Exercise description: Two lines mark the range in the entries below: the one holding "- A total of" and the one holding "お部屋は、洋室6帖+LDK10.5帖の1LDK。". Set down those two and all lines between them, exactly.

Provided information:
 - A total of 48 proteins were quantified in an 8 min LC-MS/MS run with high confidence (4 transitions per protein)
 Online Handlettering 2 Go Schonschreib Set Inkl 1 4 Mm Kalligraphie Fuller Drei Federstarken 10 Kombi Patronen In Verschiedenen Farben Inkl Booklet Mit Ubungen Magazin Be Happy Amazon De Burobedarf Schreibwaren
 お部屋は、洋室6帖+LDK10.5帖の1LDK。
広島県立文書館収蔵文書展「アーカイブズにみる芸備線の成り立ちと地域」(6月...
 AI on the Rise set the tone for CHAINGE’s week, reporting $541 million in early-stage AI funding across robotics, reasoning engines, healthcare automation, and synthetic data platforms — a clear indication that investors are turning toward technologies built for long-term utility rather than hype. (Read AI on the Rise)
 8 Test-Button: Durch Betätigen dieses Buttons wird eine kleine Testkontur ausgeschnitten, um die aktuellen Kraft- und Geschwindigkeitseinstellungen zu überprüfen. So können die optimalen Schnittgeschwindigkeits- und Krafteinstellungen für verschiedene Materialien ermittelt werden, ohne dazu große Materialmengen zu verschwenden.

---

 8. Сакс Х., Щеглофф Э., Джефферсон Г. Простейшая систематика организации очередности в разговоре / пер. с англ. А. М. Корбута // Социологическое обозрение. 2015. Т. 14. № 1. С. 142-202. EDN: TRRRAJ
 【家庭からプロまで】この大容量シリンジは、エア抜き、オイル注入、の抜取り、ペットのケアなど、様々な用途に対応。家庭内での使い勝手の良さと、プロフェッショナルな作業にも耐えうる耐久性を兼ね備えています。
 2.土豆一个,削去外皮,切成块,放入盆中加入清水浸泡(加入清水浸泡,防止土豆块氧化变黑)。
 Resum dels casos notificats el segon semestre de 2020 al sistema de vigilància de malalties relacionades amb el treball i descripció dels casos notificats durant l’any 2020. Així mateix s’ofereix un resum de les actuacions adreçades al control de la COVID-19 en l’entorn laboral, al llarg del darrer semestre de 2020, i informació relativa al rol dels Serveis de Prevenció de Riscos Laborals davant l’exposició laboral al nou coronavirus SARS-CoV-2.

* * *

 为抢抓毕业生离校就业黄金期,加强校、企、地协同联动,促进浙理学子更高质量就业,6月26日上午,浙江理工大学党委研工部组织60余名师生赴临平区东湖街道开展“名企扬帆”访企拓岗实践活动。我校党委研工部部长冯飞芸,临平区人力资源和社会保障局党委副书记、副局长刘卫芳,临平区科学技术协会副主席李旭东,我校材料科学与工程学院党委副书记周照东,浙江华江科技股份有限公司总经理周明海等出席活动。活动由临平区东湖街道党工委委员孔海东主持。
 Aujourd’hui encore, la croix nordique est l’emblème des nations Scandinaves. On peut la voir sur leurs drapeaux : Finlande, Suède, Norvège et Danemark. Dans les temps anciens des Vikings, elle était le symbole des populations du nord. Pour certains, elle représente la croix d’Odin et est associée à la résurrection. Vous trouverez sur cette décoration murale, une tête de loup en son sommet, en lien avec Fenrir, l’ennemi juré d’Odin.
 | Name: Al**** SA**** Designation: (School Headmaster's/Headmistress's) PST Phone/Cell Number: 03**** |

Output for this exercise:
 - A total of 48 proteins were quantified in an 8 min LC-MS/MS run with high confidence (4 transitions per protein)
 Online Handlettering 2 Go Schonschreib Set Inkl 1 4 Mm Kalligraphie Fuller Drei Federstarken 10 Kombi Patronen In Verschiedenen Farben Inkl Booklet Mit Ubungen Magazin Be Happy Amazon De Burobedarf Schreibwaren
 お部屋は、洋室6帖+LDK10.5帖の1LDK。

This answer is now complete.